WHAT THE EXERCISE ASKS — In the records below, the lines between the one holding "岩の間から水が浸みて苔生しています 水場になっているようでした" and the one holding "Борис Георгиевич рассказал, что", inclusive, are to be transcribed exactly; no pictures are to be included.

[Stored records]
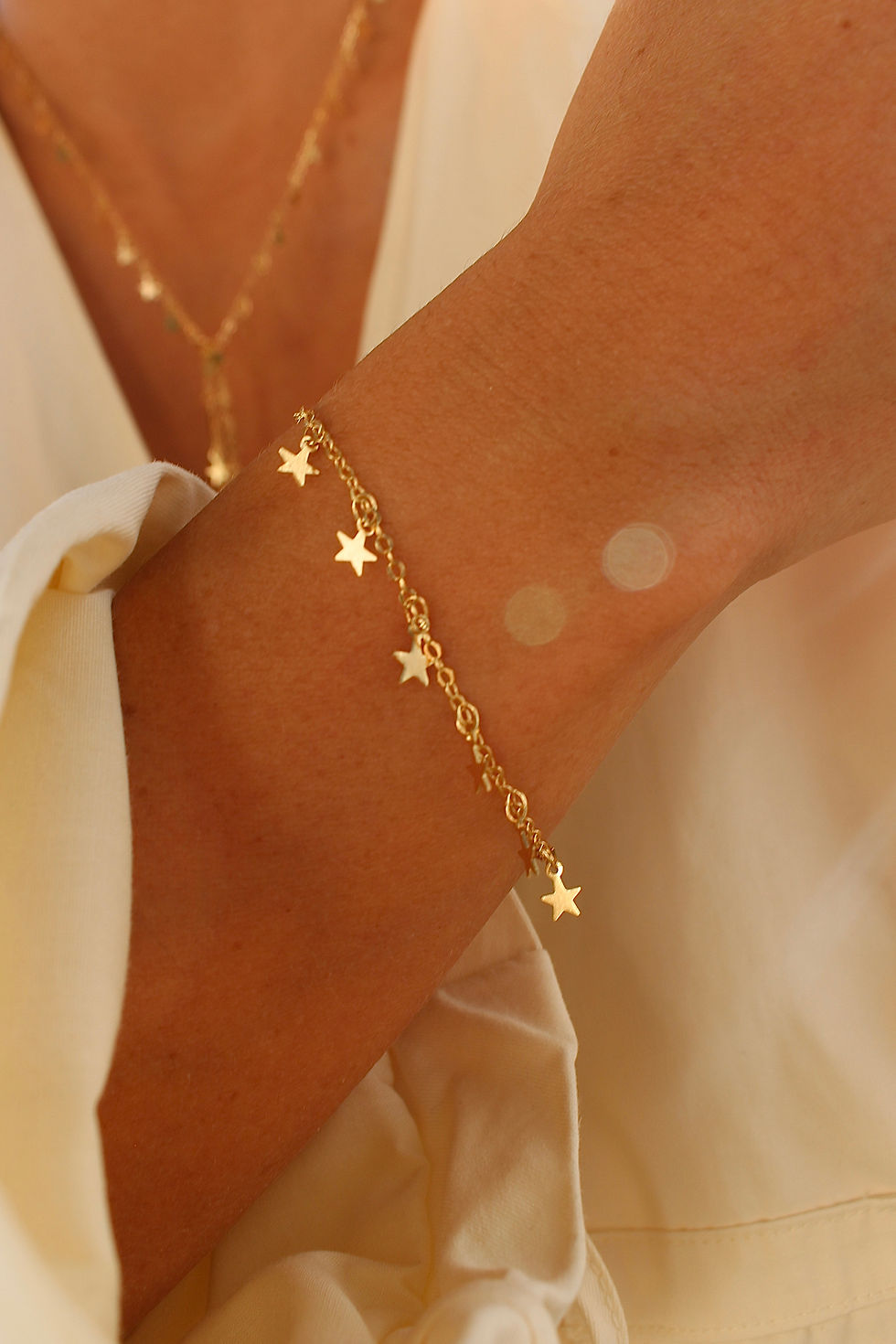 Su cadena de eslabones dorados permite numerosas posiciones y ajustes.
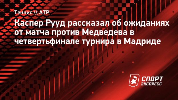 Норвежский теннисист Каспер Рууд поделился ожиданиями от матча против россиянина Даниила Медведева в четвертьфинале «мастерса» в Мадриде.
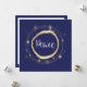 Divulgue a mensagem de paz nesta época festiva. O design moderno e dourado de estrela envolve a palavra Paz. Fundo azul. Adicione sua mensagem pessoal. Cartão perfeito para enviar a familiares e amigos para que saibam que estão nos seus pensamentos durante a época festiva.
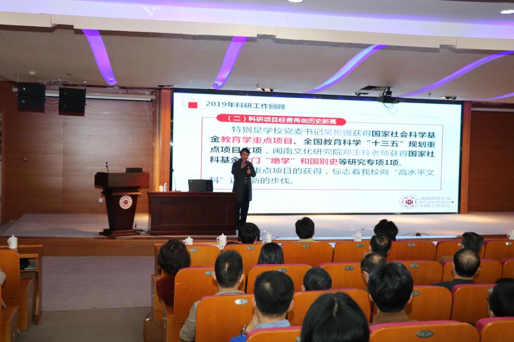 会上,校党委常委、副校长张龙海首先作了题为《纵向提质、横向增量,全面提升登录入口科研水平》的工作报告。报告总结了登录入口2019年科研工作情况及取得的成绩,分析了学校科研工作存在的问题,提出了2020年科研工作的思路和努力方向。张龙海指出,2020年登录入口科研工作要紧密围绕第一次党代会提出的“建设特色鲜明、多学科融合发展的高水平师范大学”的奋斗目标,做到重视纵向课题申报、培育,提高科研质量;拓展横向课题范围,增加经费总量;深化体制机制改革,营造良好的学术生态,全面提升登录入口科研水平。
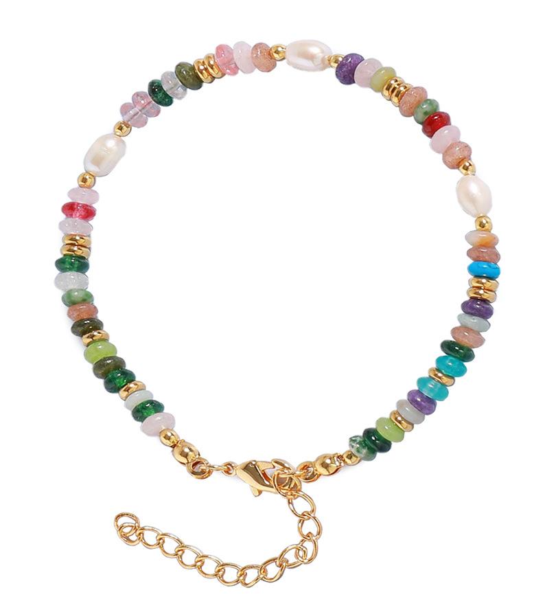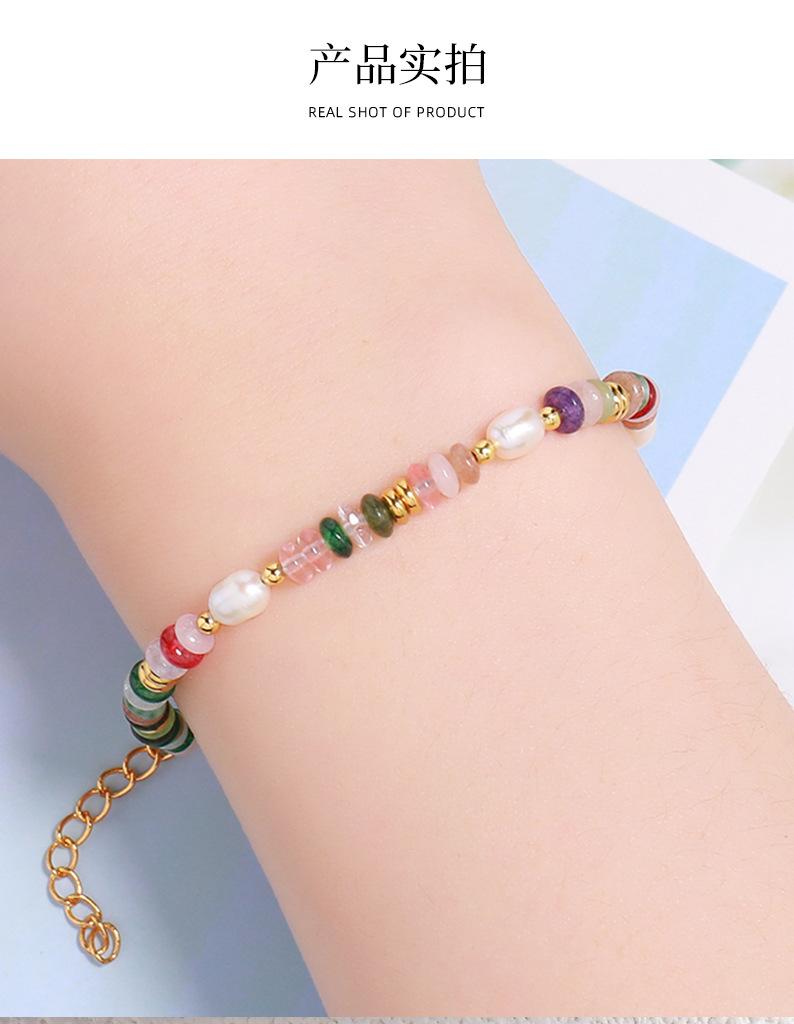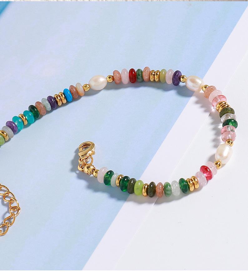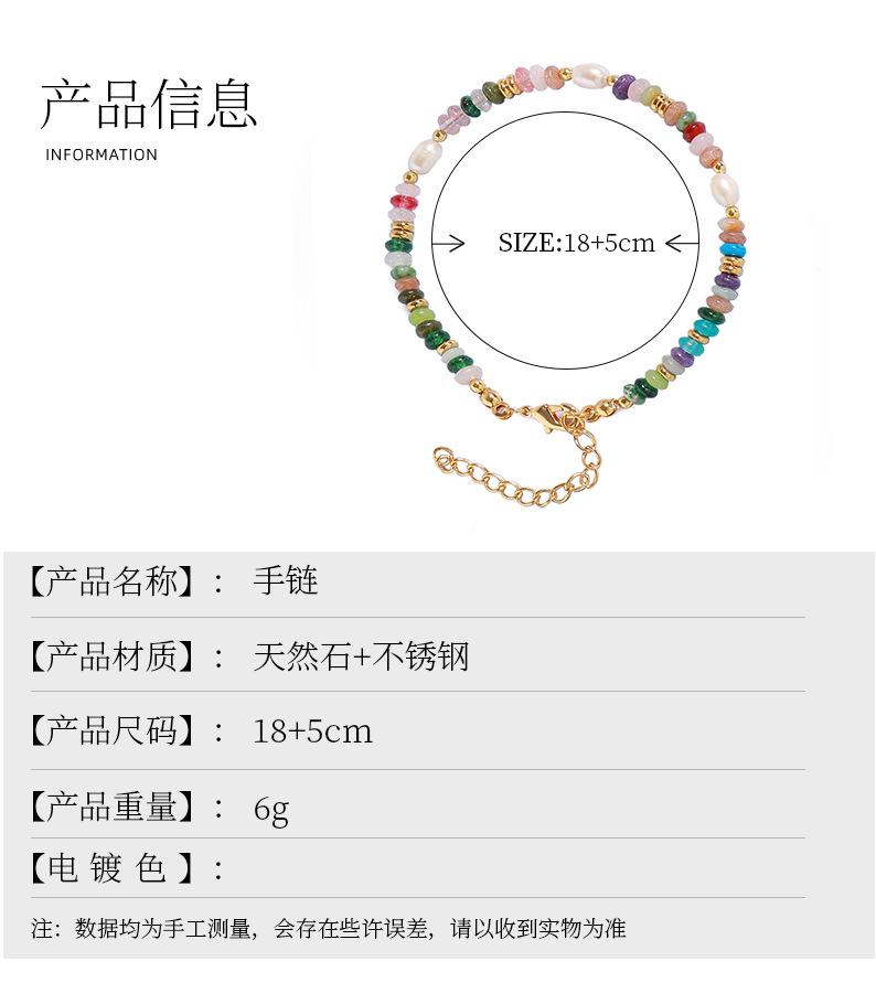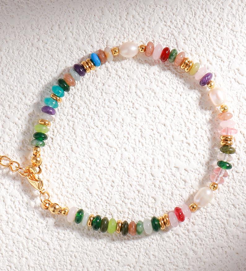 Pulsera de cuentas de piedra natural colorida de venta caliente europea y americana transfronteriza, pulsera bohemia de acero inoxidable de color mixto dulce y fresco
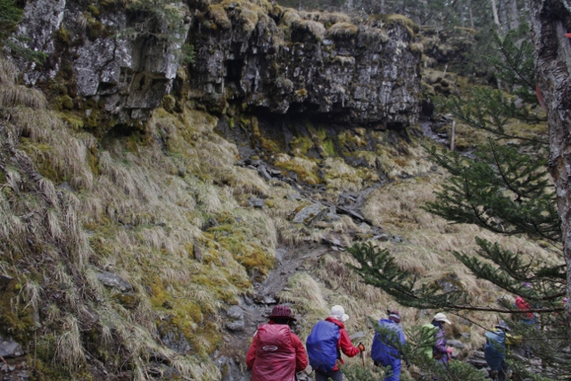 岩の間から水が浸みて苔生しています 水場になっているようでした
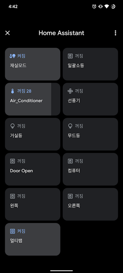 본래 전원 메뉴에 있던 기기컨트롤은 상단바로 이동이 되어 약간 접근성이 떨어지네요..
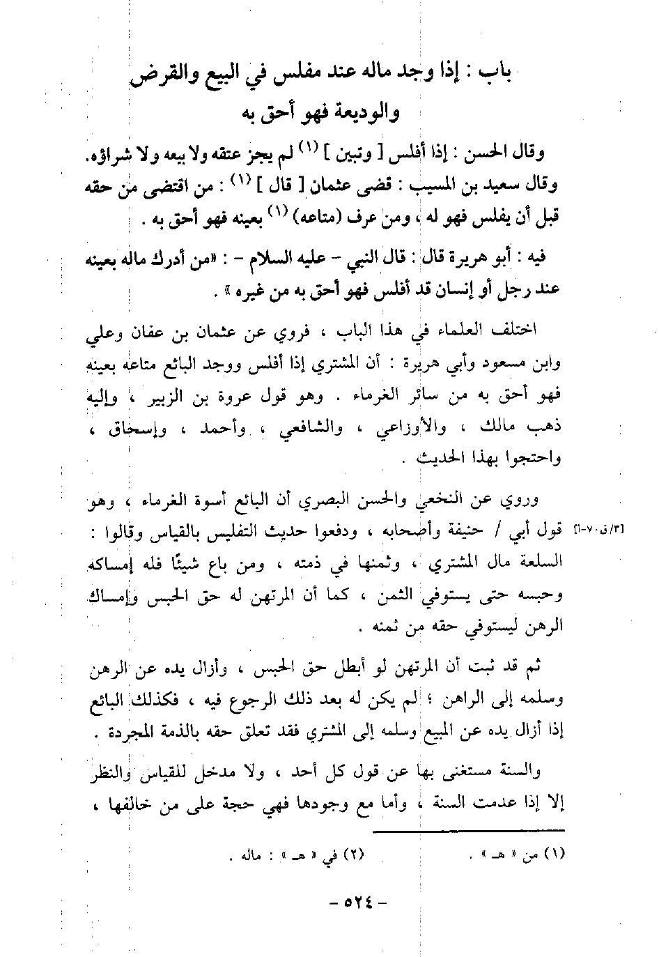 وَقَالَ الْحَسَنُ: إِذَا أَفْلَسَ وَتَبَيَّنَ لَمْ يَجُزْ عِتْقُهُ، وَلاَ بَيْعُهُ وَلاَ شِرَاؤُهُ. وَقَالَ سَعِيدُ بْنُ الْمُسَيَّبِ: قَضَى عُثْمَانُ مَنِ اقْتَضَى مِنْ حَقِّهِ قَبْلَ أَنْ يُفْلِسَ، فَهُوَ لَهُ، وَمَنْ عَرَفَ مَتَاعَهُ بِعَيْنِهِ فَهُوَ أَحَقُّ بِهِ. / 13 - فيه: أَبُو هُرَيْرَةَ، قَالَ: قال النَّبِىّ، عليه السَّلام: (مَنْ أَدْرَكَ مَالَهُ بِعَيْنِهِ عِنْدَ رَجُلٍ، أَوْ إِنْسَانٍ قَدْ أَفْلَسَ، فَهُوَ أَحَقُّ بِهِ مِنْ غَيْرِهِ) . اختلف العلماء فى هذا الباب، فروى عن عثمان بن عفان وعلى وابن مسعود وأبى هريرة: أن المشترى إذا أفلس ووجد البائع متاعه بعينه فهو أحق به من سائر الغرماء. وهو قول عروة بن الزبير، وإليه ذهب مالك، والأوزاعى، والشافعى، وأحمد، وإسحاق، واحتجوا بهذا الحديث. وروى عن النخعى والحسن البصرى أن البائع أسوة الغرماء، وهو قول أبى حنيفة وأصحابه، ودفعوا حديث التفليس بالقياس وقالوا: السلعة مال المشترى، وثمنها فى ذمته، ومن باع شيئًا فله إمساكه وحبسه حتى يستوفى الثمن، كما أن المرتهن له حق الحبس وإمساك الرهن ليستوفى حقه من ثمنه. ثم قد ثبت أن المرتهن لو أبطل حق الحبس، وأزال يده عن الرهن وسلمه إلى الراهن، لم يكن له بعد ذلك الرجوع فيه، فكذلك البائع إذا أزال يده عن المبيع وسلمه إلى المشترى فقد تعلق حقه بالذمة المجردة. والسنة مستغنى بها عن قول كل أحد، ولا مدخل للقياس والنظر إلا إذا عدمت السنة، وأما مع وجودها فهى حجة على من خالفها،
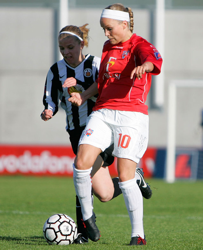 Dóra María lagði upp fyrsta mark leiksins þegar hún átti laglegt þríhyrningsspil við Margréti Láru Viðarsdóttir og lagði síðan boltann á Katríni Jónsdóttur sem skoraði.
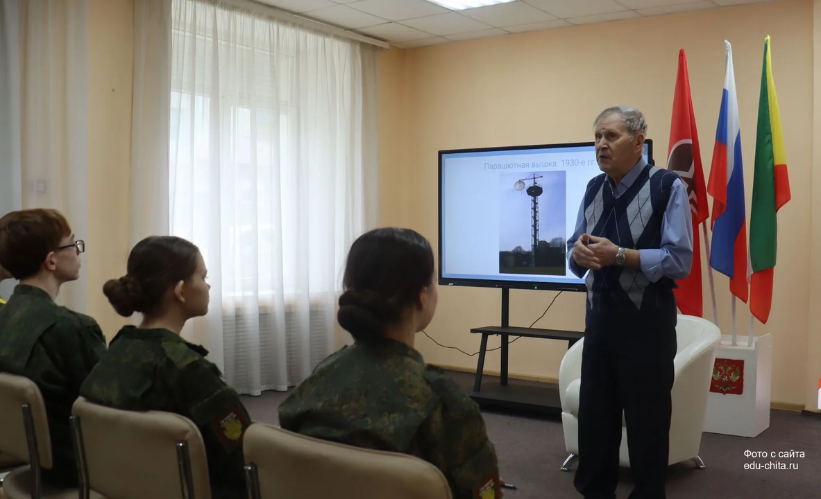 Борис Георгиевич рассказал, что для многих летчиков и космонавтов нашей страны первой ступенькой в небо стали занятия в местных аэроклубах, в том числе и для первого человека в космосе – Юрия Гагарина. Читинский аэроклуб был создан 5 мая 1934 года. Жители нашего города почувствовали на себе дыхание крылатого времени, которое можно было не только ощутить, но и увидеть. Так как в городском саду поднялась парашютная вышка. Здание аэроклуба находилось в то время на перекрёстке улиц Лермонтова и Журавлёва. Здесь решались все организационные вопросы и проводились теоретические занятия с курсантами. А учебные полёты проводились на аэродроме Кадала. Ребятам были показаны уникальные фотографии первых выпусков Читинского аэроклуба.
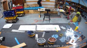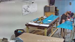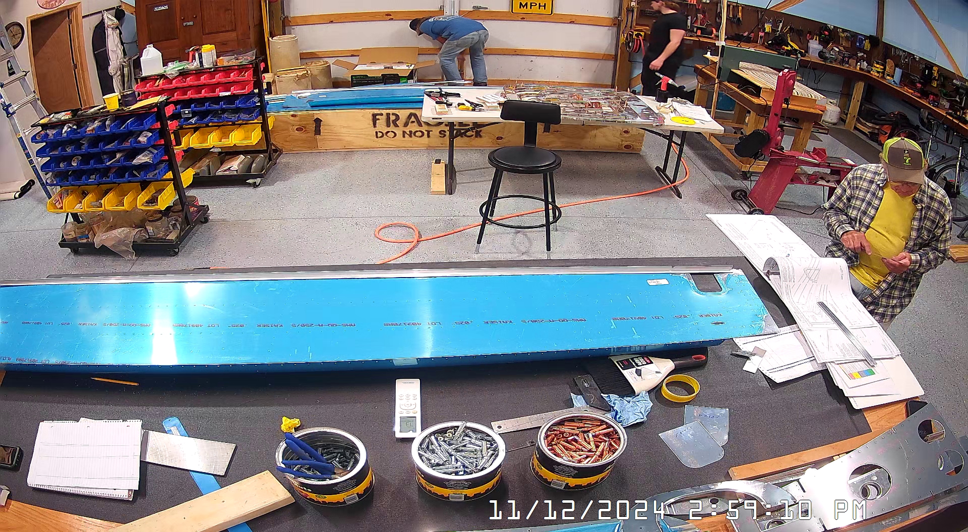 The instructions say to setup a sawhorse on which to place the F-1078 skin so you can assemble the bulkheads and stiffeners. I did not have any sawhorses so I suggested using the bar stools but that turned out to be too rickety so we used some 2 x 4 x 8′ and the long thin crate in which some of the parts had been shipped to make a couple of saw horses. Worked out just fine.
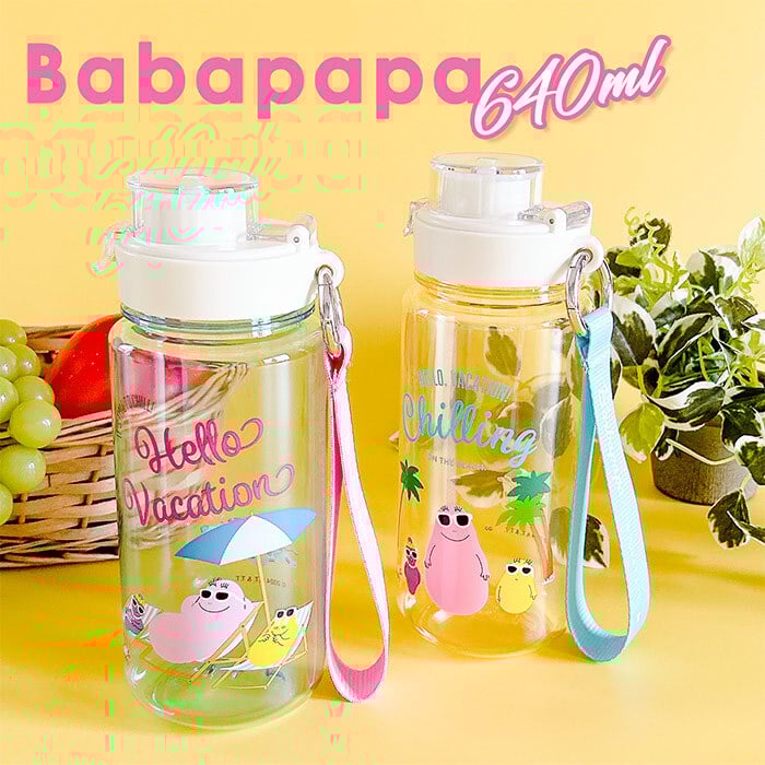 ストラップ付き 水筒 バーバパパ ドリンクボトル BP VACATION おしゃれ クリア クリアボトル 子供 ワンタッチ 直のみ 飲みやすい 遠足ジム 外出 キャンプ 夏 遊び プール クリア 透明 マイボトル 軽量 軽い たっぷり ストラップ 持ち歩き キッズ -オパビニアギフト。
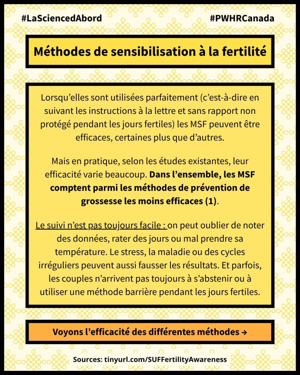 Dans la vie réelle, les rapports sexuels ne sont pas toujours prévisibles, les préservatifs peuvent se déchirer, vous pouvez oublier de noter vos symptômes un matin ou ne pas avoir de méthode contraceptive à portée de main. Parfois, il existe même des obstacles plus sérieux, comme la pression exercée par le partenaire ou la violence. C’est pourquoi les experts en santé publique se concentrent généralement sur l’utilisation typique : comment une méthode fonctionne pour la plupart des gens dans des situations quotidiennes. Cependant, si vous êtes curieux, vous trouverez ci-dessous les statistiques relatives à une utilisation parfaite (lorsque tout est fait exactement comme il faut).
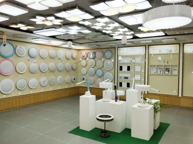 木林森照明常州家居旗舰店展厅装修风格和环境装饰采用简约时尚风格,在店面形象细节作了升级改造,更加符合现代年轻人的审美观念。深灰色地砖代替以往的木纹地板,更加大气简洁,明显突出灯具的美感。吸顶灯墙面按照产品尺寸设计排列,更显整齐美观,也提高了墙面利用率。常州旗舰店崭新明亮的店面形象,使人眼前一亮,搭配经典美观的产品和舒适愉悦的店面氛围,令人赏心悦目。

SOLUTION TO THE EXERCISE —
 岩の間から水が浸みて苔生しています 水場になっているようでした
 본래 전원 메뉴에 있던 기기컨트롤은 상단바로 이동이 되어 약간 접근성이 떨어지네요..
 وَقَالَ الْحَسَنُ: إِذَا أَفْلَسَ وَتَبَيَّنَ لَمْ يَجُزْ عِتْقُهُ، وَلاَ بَيْعُهُ وَلاَ شِرَاؤُهُ. وَقَالَ سَعِيدُ بْنُ الْمُسَيَّبِ: قَضَى عُثْمَانُ مَنِ اقْتَضَى مِنْ حَقِّهِ قَبْلَ أَنْ يُفْلِسَ، فَهُوَ لَهُ، وَمَنْ عَرَفَ مَتَاعَهُ بِعَيْنِهِ فَهُوَ أَحَقُّ بِهِ. / 13 - فيه: أَبُو هُرَيْرَةَ، قَالَ: قال النَّبِىّ، عليه السَّلام: (مَنْ أَدْرَكَ مَالَهُ بِعَيْنِهِ عِنْدَ رَجُلٍ، أَوْ إِنْسَانٍ قَدْ أَفْلَسَ، فَهُوَ أَحَقُّ بِهِ مِنْ غَيْرِهِ) . اختلف العلماء فى هذا الباب، فروى عن عثمان بن عفان وعلى وابن مسعود وأبى هريرة: أن المشترى إذا أفلس ووجد البائع متاعه بعينه فهو أحق به من سائر الغرماء. وهو قول عروة بن الزبير، وإليه ذهب مالك، والأوزاعى، والشافعى، وأحمد، وإسحاق، واحتجوا بهذا الحديث. وروى عن النخعى والحسن البصرى أن البائع أسوة الغرماء، وهو قول أبى حنيفة وأصحابه، ودفعوا حديث التفليس بالقياس وقالوا: السلعة مال المشترى، وثمنها فى ذمته، ومن باع شيئًا فله إمساكه وحبسه حتى يستوفى الثمن، كما أن المرتهن له حق الحبس وإمساك الرهن ليستوفى حقه من ثمنه. ثم قد ثبت أن المرتهن لو أبطل حق الحبس، وأزال يده عن الرهن وسلمه إلى الراهن، لم يكن له بعد ذلك الرجوع فيه، فكذلك البائع إذا أزال يده عن المبيع وسلمه إلى المشترى فقد تعلق حقه بالذمة المجردة. والسنة مستغنى بها عن قول كل أحد، ولا مدخل للقياس والنظر إلا إذا عدمت السنة، وأما مع وجودها فهى حجة على من خالفها،
 Dóra María lagði upp fyrsta mark leiksins þegar hún átti laglegt þríhyrningsspil við Margréti Láru Viðarsdóttir og lagði síðan boltann á Katríni Jónsdóttur sem skoraði.
 Борис Георгиевич рассказал, что для многих летчиков и космонавтов нашей страны первой ступенькой в небо стали занятия в местных аэроклубах, в том числе и для первого человека в космосе – Юрия Гагарина. Читинский аэроклуб был создан 5 мая 1934 года. Жители нашего города почувствовали на себе дыхание крылатого времени, которое можно было не только ощутить, но и увидеть. Так как в городском саду поднялась парашютная вышка. Здание аэроклуба находилось в то время на перекрёстке улиц Лермонтова и Журавлёва. Здесь решались все организационные вопросы и проводились теоретические занятия с курсантами. А учебные полёты проводились на аэродроме Кадала. Ребятам были показаны уникальные фотографии первых выпусков Читинского аэроклуба.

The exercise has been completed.